Son memorias que pueden leerse como una novela autobiográfica: novela de aventuras o, quizás mejor, de espionaje (“Yo estudiaba en Oxford cuando un periódico soviétivo me denunció como espía” es la primera frase del libro). Solo que lo extraordinario, en este caso, no está dado por la invención de una peripecia sino por el registro histórico de la cotidianeidad y la idiosincrasia de ese universo ya perdido para el lector presente no solo en el plano de lo real sino también (así lo fue durante buena parte del siglo XX) como lugar imaginario de una utopía realizada: la vida bajo el régimen comunista.
De hecho, es posible que buena parte de lo novelesco o extraordinario que emerge del texto como impresión de lectura se produzca precisamente por un efecto de contraposición y contraste frente a un presente para el que ese pasado se ha vuelto no solamente lejano sino casi incomprensible.
Sheila Fitzpatrick, la aventura
La aventura, en todo caso, sucede aquí en un escenario y una vida dominada por las restricciones y un suceder del tiempo en apariencia inmóvil. La vida moscovita de Fitzpatrick es, en efecto, al mismo tiempo monótona y disciplinada: sus días transcurren entre las hostilidades del clima y el aprendizaje de estrategias para evadir las arbitrarias y absurdas restricciones a la consulta de ciertos archivos, en intercambios y conversaciones con ciudadanos o funcionarios menores (de quienes depende a su vez su acceso a los documentos).
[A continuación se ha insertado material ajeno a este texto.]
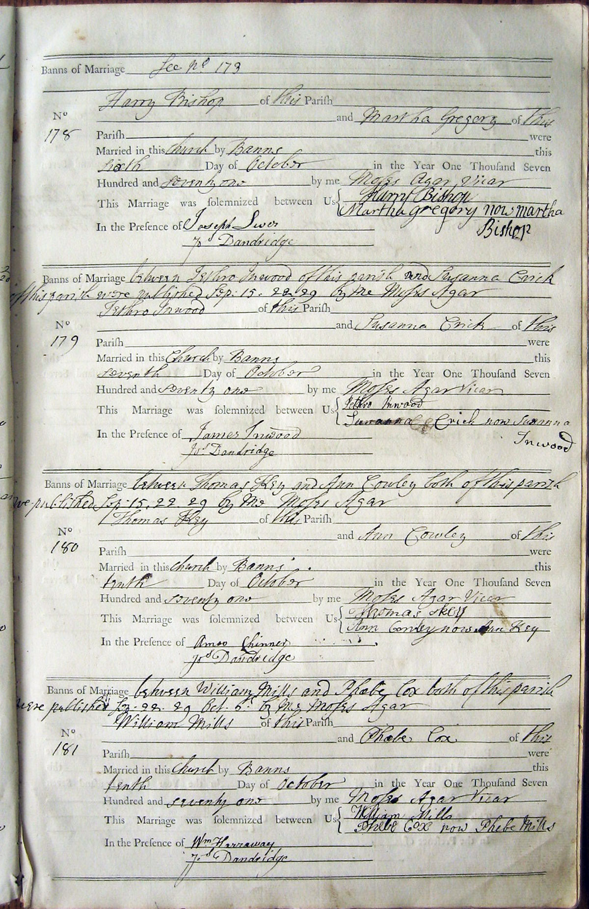 See banns entry 173; 2nd witness signed 'Jos.' |
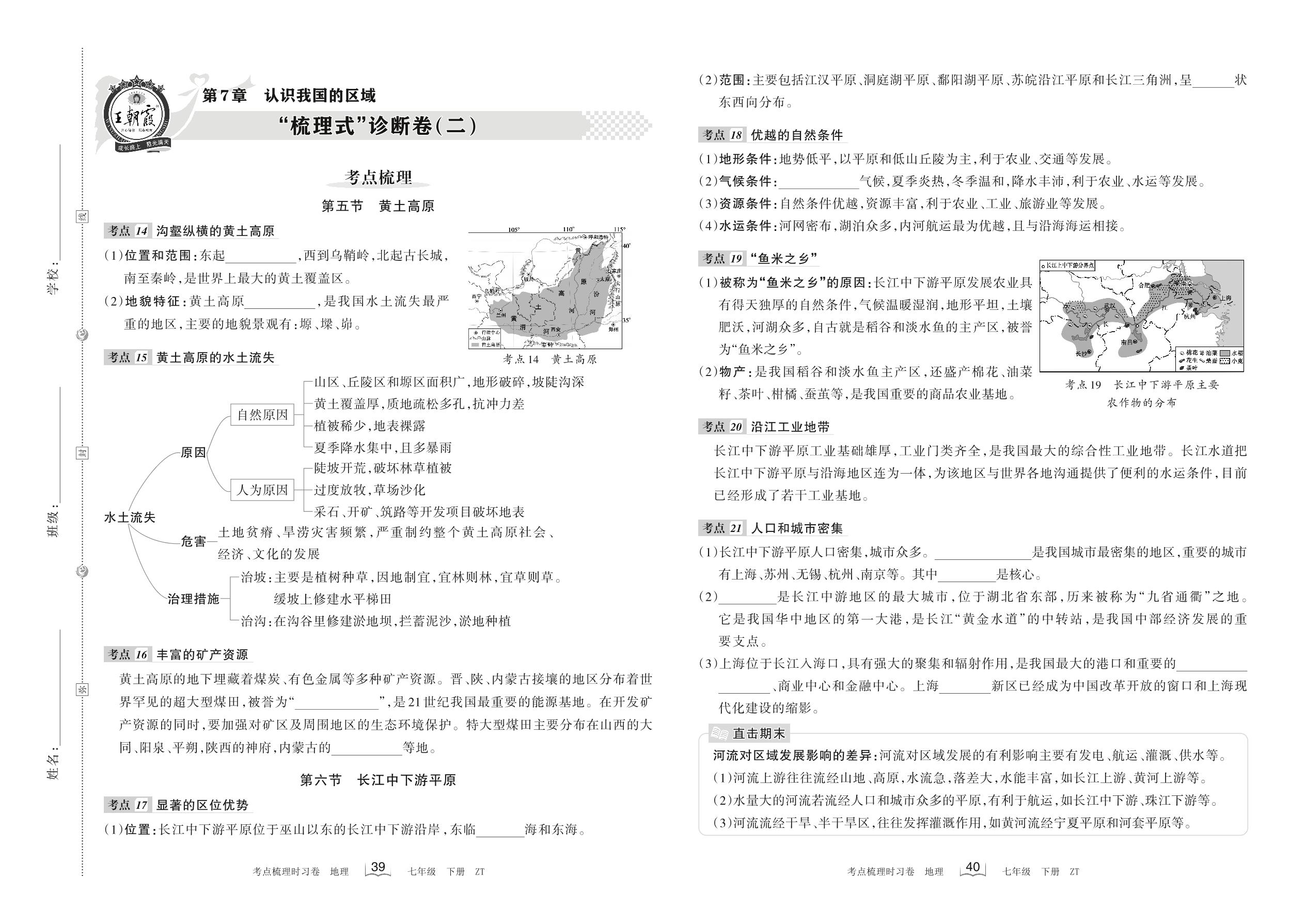 2022下册七年级地理中图版 第7章 “梳理式”诊断卷(二)

Sin embargo, la fascinación de Fitzpatrick por las complejidades del mundo soviético es tan grande como el desconcierto que esa vida le produce.
La lectura del libro es de algún modo la reposición de esa especie de enamoramiento. Fitzpatrick se convierte en respetada sovietóloga a fuerza de perseverancia y tesón. Mientras, va volviéndose poco a poco una ciudadana rusa. El libro está dedicado a la memoria de Irina Anatólievna e Ígor Aleksándrovich (un refinado crítico literario de la revista Novy Mir, por ese entonces órgano oficial de la Unión de Escritores Soviéticos), personajes centrales en la experiencia soviética de Fitzpatrick.
Ellos son la contracara de una vida pública dominada por las apariencias, las sospechas y los peligros de denuncias, y en sus figuras se filtra la vida rusa en su lado más amable y profundo. Pero también la política, las discusiones ideológicas dentro del Partido y la vida intelectual, validada en arduos y encarnizados debates, en publicaciones de libros y en severos pronunciamientos públicos.
En 1989, la caída del Muro de Berlín marcó la fecha simbólica del final de la lenta agonía del régimen comunista de la Unión Soviética y el comienzo de un nuevo orden geopolítico mundial. Casi cuarenta años después de aquella disolución, los vertiginosos cambios informáticos y tecnológicos del presente nos pueden hacer percibir algo pueriles las viejas prácticas del espionaje. También, la cada vez más difusa distinción entre realidad y ficción.